ANNOTATION_PATH = os.path.join(path, "d6-dice", "Annotations")
IMAGE_PATH = os.path.join(path, "d6-dice", "Images")

# windows delim
split_char = '\\'

# linux delim
#split_char = '/'

## 2. Split data into train/test/validation

In [None]:
anotation_files = []
for dir,_,files in os.walk(ANNOTATION_PATH):
    for filename in files:
        if filename[-4:] == '.txt':
            anotation_files += [(os.path.join(dir,filename))]

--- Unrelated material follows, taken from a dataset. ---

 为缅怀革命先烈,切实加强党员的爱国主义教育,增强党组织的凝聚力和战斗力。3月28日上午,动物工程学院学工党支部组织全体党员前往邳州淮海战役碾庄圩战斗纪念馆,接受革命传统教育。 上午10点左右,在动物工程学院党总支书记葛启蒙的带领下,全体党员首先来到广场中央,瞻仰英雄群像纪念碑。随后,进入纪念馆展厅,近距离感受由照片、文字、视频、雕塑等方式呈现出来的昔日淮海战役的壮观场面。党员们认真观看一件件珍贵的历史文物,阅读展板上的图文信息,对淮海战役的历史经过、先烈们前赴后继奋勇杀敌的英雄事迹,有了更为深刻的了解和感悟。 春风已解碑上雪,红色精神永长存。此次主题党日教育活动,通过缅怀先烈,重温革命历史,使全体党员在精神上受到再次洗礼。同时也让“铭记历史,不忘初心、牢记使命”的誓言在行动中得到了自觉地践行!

# remove classes.txt file from image pool
anotation_files.pop(0)

# 70/15/15 train-test split
train_ratio = .7
test_ratio = (1.0 - train_ratio) / 2
valid_ratio = test_ratio

SIZE = len(anotation_files)
N = list(range(SIZE))

train_size = int(SIZE * train_ratio)
test_size = int(SIZE * test_ratio)
valid_size = int(SIZE * valid_ratio)

# Add any files that might have been accidentally skipped to the train set
while((train_size + test_size + valid_size) < len(anotation_files)):
    train_size += 1

print(train_size)
print(test_size)
print(valid_size)
print(len(anotation_files))

## 3. Organize and prep data for YOLO

In [None]:
# Create directories if they don't exist
os.makedirs('datasets/train/images', exist_ok=True)
os.makedirs('datasets/train/labels', exist_ok=True)

os.makedirs('datasets/test/images', exist_ok=True)
os.makedirs('datasets/test/labels', exist_ok=True)

os.makedirs('datasets/valid/images', exist_ok=True)
os.makedirs('datasets/valid/labels', exist_ok=True)

# helper to organize files into their respective directories
def copy_files(i, dir, ano_files):
    # get the image filename
    ano_file = ano_files[i]
    img_file = ano_file.split(split_char)[-1][0:-4] + '.jpg'

    # copy into folders
    shutil.copy(ano_file, dir + '/labels')
    shutil.copy(os.path.join(IMAGE_PATH, img_file), os.path.join(dir + '/images/', img_file))

# copy image and label files into local directories
for i in range(train_size):
    copy_files(i, './datasets/train', anotation_files)

test_start = train_size + valid_size
test_end = test_start + test_size
for i in range(test_start, test_end):
    copy_files(i, './datasets/test', anotation_files)


valid_start = train_size
valid_end = valid_start + valid_size
for i in range(valid_start, valid_end):
    copy_files(i, './datasets/valid', anotation_files)

In [None]:
import yaml

source_path = current_directory = os.getcwd()

train_path = os.path.join(source_path, "datasets", "train")
test_path = os.path.join(source_path, "datasets", "test")
valid_path = os.path.join(source_path, "datasets", "valid")

data_yaml = dict(
    train = train_path,
    test = test_path,
    val = valid_path,
    
    nc = 6,
    names = list('123456'),
    device = 'cpu'
)

with open('data.yaml', 'w') as outfile:
    yaml.dump(data_yaml, outfile, default_flow_style=True)

In [None]:
# load model
model = YOLO("yolo11x.pt")  # build from YAML and transfer weights

## 4. Train Model

In [None]:
train_results = model.train(
    data = "./data.yaml",
    epochs = 12,
    imgsz = 480
)

## 5. Masking

In [None]:
pred_dataset_path = kagglehub.dataset_download("koryakinp/d6-dices-images")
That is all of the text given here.